Task prompt ->
Transcribe all the entries word for word, omitting any pictures they contain.

Records from a data source ->
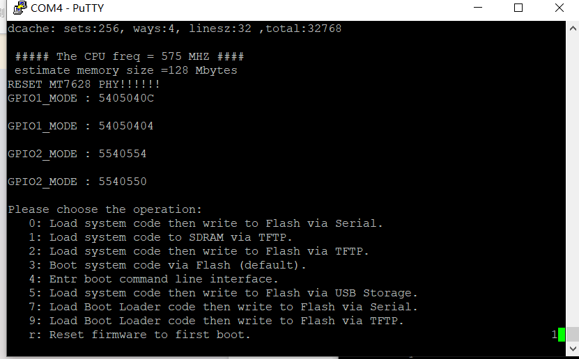 Power on the device. During startup, it will output the following log. Before the countdown finishes, select option 2 by pressing the number key “2” on the keyboard. If the message is missed, you can reset the device by pressing the RST button.
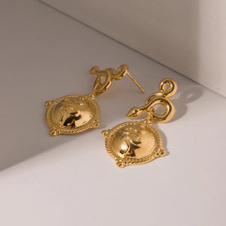 ステンレス304 ニッケルフリー 水に濡れても錆びにくい 18Kゴールドメッキ チェーン タッセル ピアス イヤリング 蛇 ヘビ スネーク パール 【YJ00998】
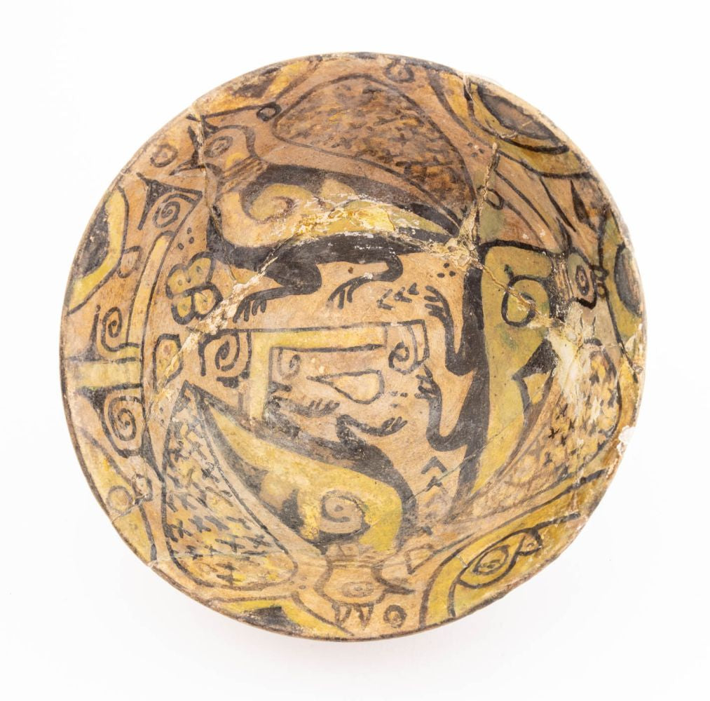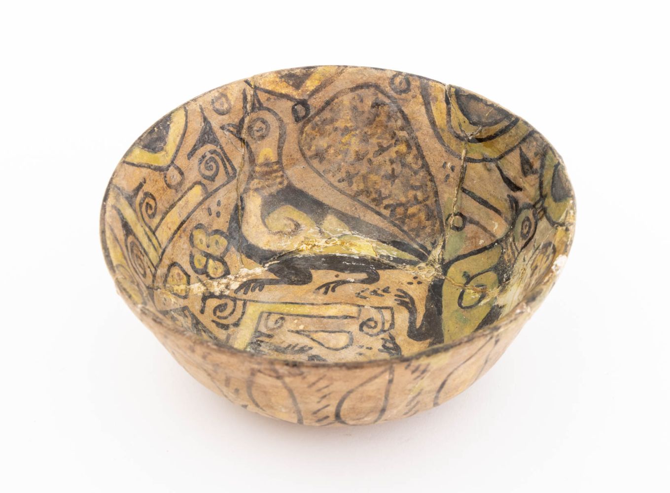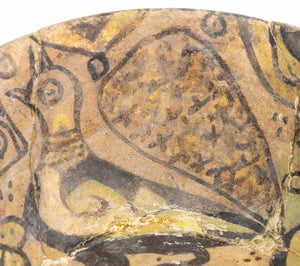 Nishapur Glazed Pottery Bowl, with bird and flower motif.
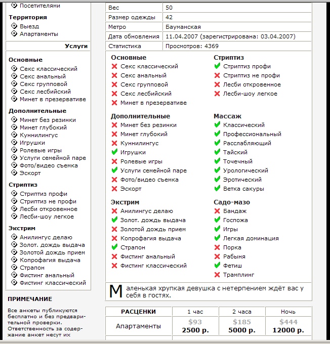 . * * А чо та в анкетах у нее ни епля ни минет не заявлены+  garic99    27/04/2007 18:45:25
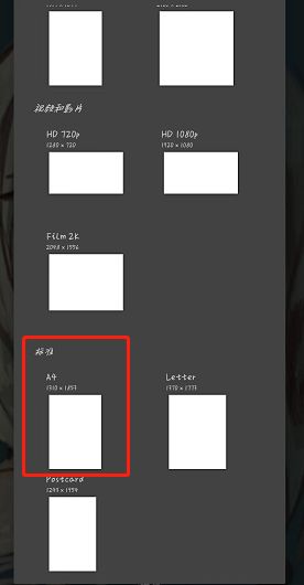 2.这里我们点击“模板”按钮,进入 画师 软件的画布模板。我们可以通过在底部向下滑动来找到“A4”的大小。
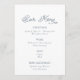 Elegant dusty blue wedding bar menu card designed for modern and timeless wedding receptions. This minimalist drink menu features graceful script and classic typography in a soft dusty blue color palette, creating a refined and sophisticated look for wedding bars and reception tables.
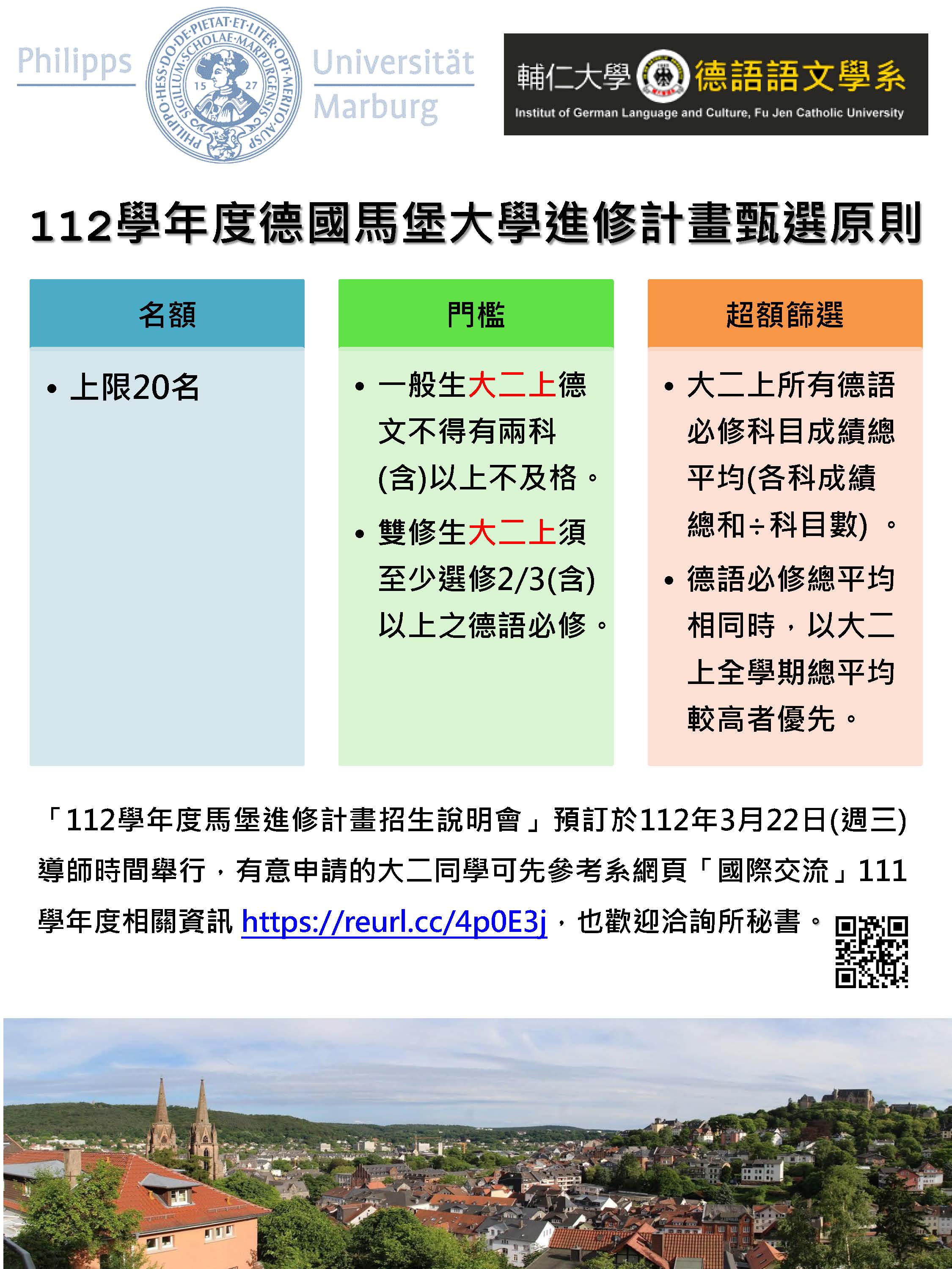 2022/10/11 09:49 [招生訊息]112學年度大三赴德國馬堡大學進修計畫甄選原則

Worked solution ->
 Power on the device. During startup, it will output the following log. Before the countdown finishes, select option 2 by pressing the number key “2” on the keyboard. If the message is missed, you can reset the device by pressing the RST button.
 ステンレス304 ニッケルフリー 水に濡れても錆びにくい 18Kゴールドメッキ チェーン タッセル ピアス イヤリング 蛇 ヘビ スネーク パール 【YJ00998】
 Nishapur Glazed Pottery Bowl, with bird and flower motif.
 . * * А чо та в анкетах у нее ни епля ни минет не заявлены+  garic99    27/04/2007 18:45:25
 2.这里我们点击“模板”按钮,进入 画师 软件的画布模板。我们可以通过在底部向下滑动来找到“A4”的大小。
 Elegant dusty blue wedding bar menu card designed for modern and timeless wedding receptions. This minimalist drink menu features graceful script and classic typography in a soft dusty blue color palette, creating a refined and sophisticated look for wedding bars and reception tables.
 2022/10/11 09:49 [招生訊息]112學年度大三赴德國馬堡大學進修計畫甄選原則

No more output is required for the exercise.